Stephen Schork of the Schork Report highlights on Monday just how much the drop-off in the USO has coincided with the build up in the US Natural Gas Fund, another ETF belonging to the same group of funds. Note the following chart:
As Schork notes, nat gas fundamentals have hardly been bullish of late. Despite this, Nymex nat gas futures, which were at multi-year lows till recently, recorded a 21.5 per cent rise in the week. This, of course, will have had a lot to do with the accompanying rally in the oil futures. But, as Schork writes, the UNG fund may have contributed significantly in forging some sort of floor in the market, especially since the nat gas ascent is now leading the entire S&P GCSI complex higher month-to-date (not just the last week or so).
As Schork explains:
Since March the number of shares outstanding in the United States Natural Gas (UNG) exchanged-traded fund (ETF) have surged 260%, from 37,500 to 98,000. At the same time, interest in the equivalent crude oil ETF, the USO, has dropped 39%, from 157,800 at the end of February to 96,100. Thus, last week equal amounts of bets were being placed on both commodities, whereas two months ago passive investors in energy favored crude oil at a 4:1 margin.

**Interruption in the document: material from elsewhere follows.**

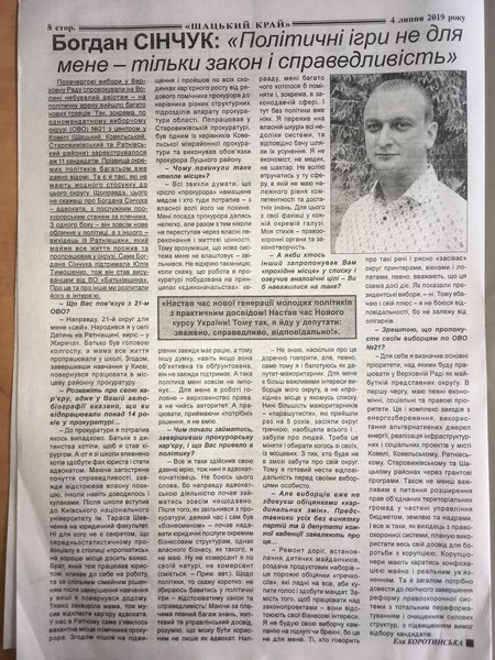 Адвокат-«батьківщинівець» Богдан Сінчук теж не сильно витрачався на виборчу кампанію: 11 тисяч на поліграфію, 28 тисяч – на рекламу в газетах і 7 тисяч на мережу сайтів «Район». Ось і увесь бюджет. Та, оскільки «Батьківщину» на Волині виборці поважають, у нього – третє місце за результатами голосування (8,64%). Один голос обійшовся у 7 гривень.
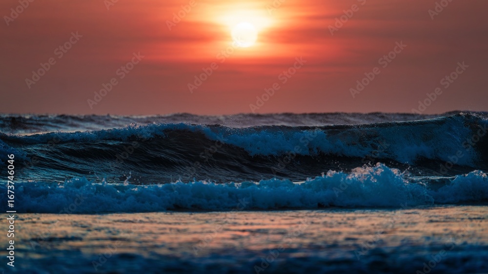 Sunset over ocean, Bali, Canggu. Travel and vacation on the beach near ocean. Sun goes dawn over waves of water

Just as was saw in February in the oil ETF, the flood of money into the UNG has undoubtedly helped to establish a floor in the NYMEX market — regardless of extant weak fundamentals — and is now propelling the market higher. To wit, with natty’s strong performance last week we imagine that will serve to attract even more funds into the UNG, et al.
All of which does make sense, as Schork goes on:
Given WTI’s push towards $60 (and beyond), natural gas — regardless of extant weak fundamentals — is cheap. So if you are a passive investor and you want to play the energy trade, then buying gas in our book makes a lot more sense then punting WTI.